The singular value decomposition of a rectangular matrix \(\mat{M}\) takes the form \begin{equation} \mbox{\Large \(\underbrace{\mat{M}}_{m\times n} = \underbrace{\mat{u}}_{m\times m} \vdot \underbrace{\mat{S}}_{m\times n} \vdot \underbrace{\mat{v}^{\rm H}}_{n\times n}\) } \end{equation} where \(\mat{u}\) is unitary, \(\mat{S}\) is diagonal with the singular values in descending order along the main diagonal (and zeros elsewhere), and \(\mat{v}^{\rm H}\) is also unitary.
sm = np.array([[1, 2, 3, 4],
[-4, 2, 7, 8]])
u, s, vh = np.linalg.svd(sm, full_matrices=False)
u
array([[-0.38930378, -0.92110942],
[-0.92110942, 0.38930378]])
s
array([12.46596449, 2.75676067])
vh
array([[ 0.26433044, -0.21023856, -0.61091761, -0.71603689],
[-0.8989988 , -0.38581923, -0.0138575 , -0.20676711]])
u @ np.diag(s) @ vh
array([[ 1., 2., 3., 4.],
[-4., 2., 7., 8.]])
What is this good for? I’ll offer an example from image processing inspired by this page.
As the matrix to analyze via singular value decomposition, we will use the grayscale values of this \(522 \times 400\) pixel image of Harvey Seeley Mudd shown in Figure 1.
Figure 1 — Mining engineer and philanthropist Harvey Seeley Mudd.
The following Python script loads the image, converts it to grayscale, and then performs a singular value decomposition.

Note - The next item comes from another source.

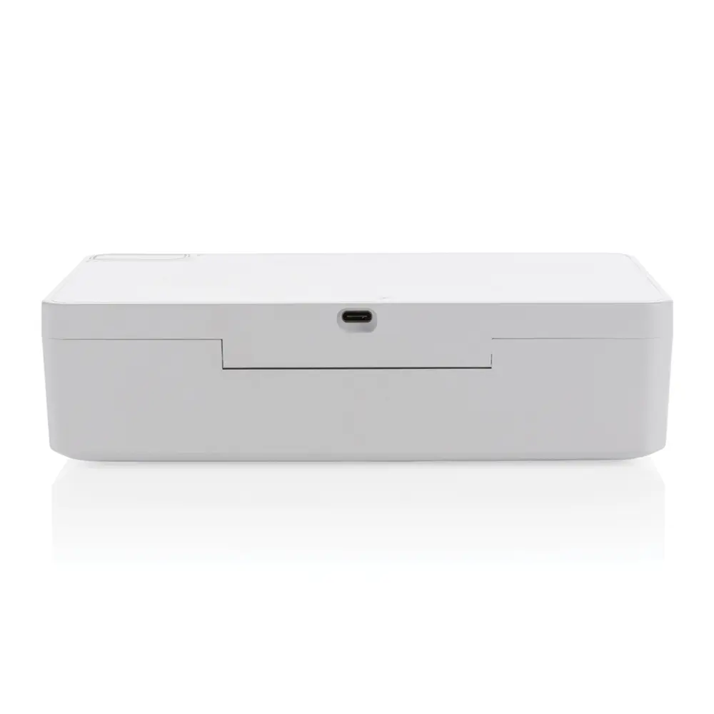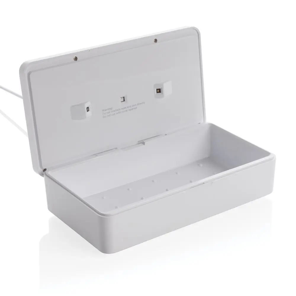 Ontdek onze multifunctionele uv-c sterilisator, ontworpen om uw hygiëne op een eenvoudige en effectieve manier te verbeteren. Deze sterilisator elimineert tot 99,9% van de bacteriën op alledaagse voorwerpen, zoals mobiele telefoons, oordopjes, sieraden, horloges en gezichtsmaskers. Met uv-c-technologie biedt het een veilige oplossing voor uw team en klanten, ideaal als gepersonaliseerd relatiegeschenk met logobedrukking.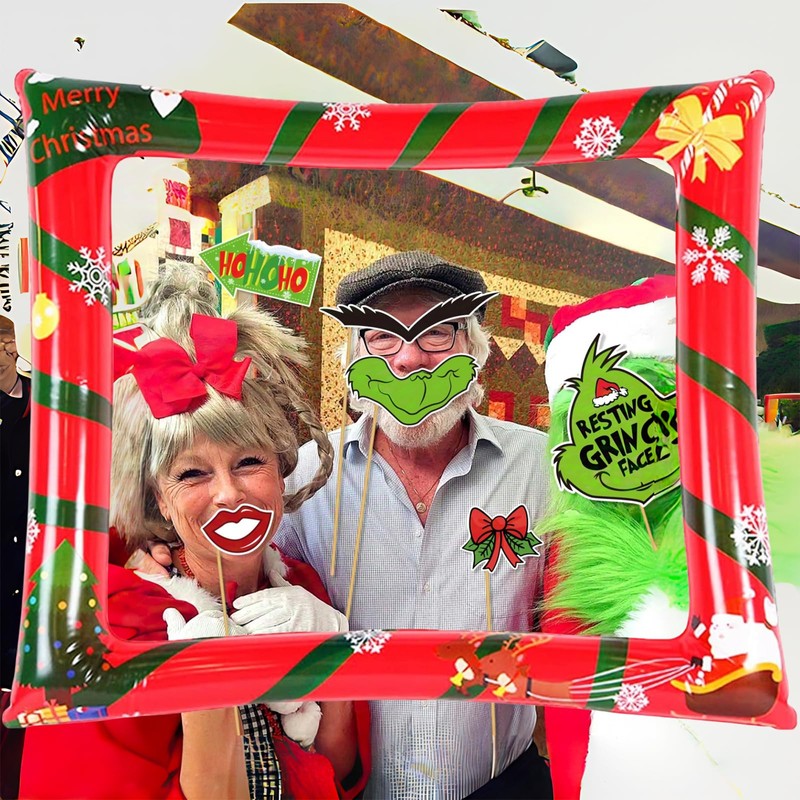 - 🌟Ideal size: Christmas Inflatable Selfie Frame Selfie Props Package Includes and Size: 1xChristmas inflatable photo frame decorated (75cm*65cm/29.5inch*25.6inch)30 x exquisite photo props.

To generate a compressed rendering using the \(k\) largest singular values, we use first \(k\) columns of \(\\\mat{U}\), the top-left \(k\) rows and columns of \(\mat{S}\), and the first \(k\) rows of \(\mat{V}^{\mathrm{T}}\).
harvey = plt.imread('Harvey-Mudd.jpg') # this is an RGB image
harvey = harvey[:,:,0] # convert to grayscale
from scipy.linalg import svd
U, S, V_T = svd(harvey, full_matrices=False)
S = np.diag(S)
fig, ax = plt.subplots()
k = 5
harvey_approx = U[:, :k] @ S[:k, :k] @ V_T[:k, :]
ax.imshow(harvey_approx, cmap='gray')
ax.set_title(r"$$k = %d$$" % k)
ax.axis('off')
Figure 2 — approximations to the original “matrix” keeping only the \(k\) strongest singular values. The final image is the original.